YOU ARE VISITING THE OLD MALKIN(S)WATCH. THAT'S FANTASTIC. PLEASE VISIT THE NEW MALKIN(S)WATCH WHEN YOU GET A CHANCE.
I guess not...
The Los Angeles Times runs a lame correction regarding its Eason Jordan coverage...What is the point of running a correction if the correction is as bad as the original error?
She links to Patterico's Pontifications:
The L.A. Times story on Eason Jordan’s resignation had this absurd paragraph:

While at CNN, Jordan also had provoked many activists and critics in an April 2003 opinion piece in the New York Times. Jordan asserted that he sometimes could not allow his network to report all it had learned during the intense early days of combat in Iraq, for fear that releasing certain confidential information would put lives in jeopardy.
So there appears to be a big mistake there. His focus was not just "the intense early days of combat", rather the entire length of Saddam's regime. Jordan's op-ed:
For example, in the mid-1990's one of our Iraqi cameramen was abducted. For weeks he was beaten and subjected to electroshock torture in the basement of a secret police headquarters because he refused to confirm the government's ludicrous suspicion that I was the Central Intelligence Agency's Iraq station chief. CNN had been in Baghdad long enough to know that telling the world about the torture of one of its employees would almost certainly have gotten him killed and put his family and co-workers at grave risk.
So that's worth correcting, right? That must be what Malkin and others are complaining about. Back to Patterico:
Ha! Power Line reports that alert L.A. Times reader Diana Magrann wrote the "Readers' Representative" to suggest a more accurate version of reality:

In April 2003, Jordan admitted in a New York Times opinion piece that CNN had withheld knowledge of numerous instances of Saddam’s brutality in order to maintain access.
Maintain access? There is nothing in the op-ed to suggest this. Nothing any any of the "supporting links", such as this one, except assumption and innuendo. It's certainly possible that the righties' interpretation is correct, but I see no evidence presented.

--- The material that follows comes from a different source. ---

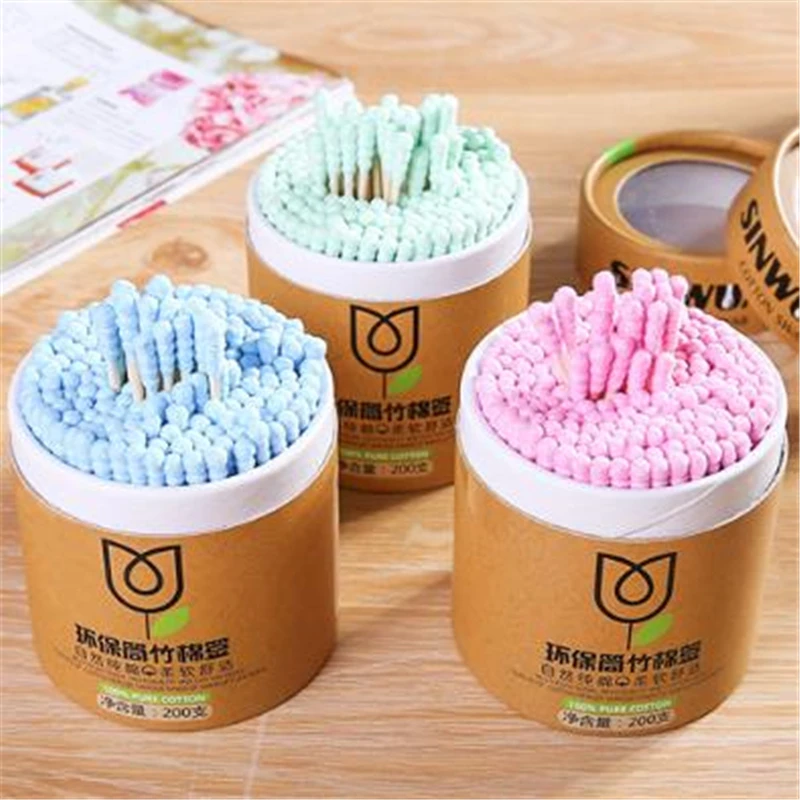 Разные цветаБольшая емкость 200 палочек, экономичная и доступная, для удовлетворения различных потребностей использования, используется для очистки ушей, удаления макияжа, нанесения пластырей и т. д., чтобы облегчить вашу жизнь.

So did the LA Times run a correction? Why, yes.
...Jordan wrote that he did not allow his network to report all it had learned "during the intense early days of combat in Iraq, for fear that releasing certain confidential information would put lives in jeopardy." Jordan’s essay was about his network’s coverage in the years preceding the war as well as in the early days of the war.


Instead of the bolded language, what was wrong with Diana Magrann’s language? This way, even with the correction, L.A. Times readers never learn about the scandal of Jordan’s decision to cover up Saddam’s brutality in order to keep a CNN bureau in Baghdad. That can’t be the right way to handle this correction.
What's wrong with the language? You haven't provided any evidence for what's right with it.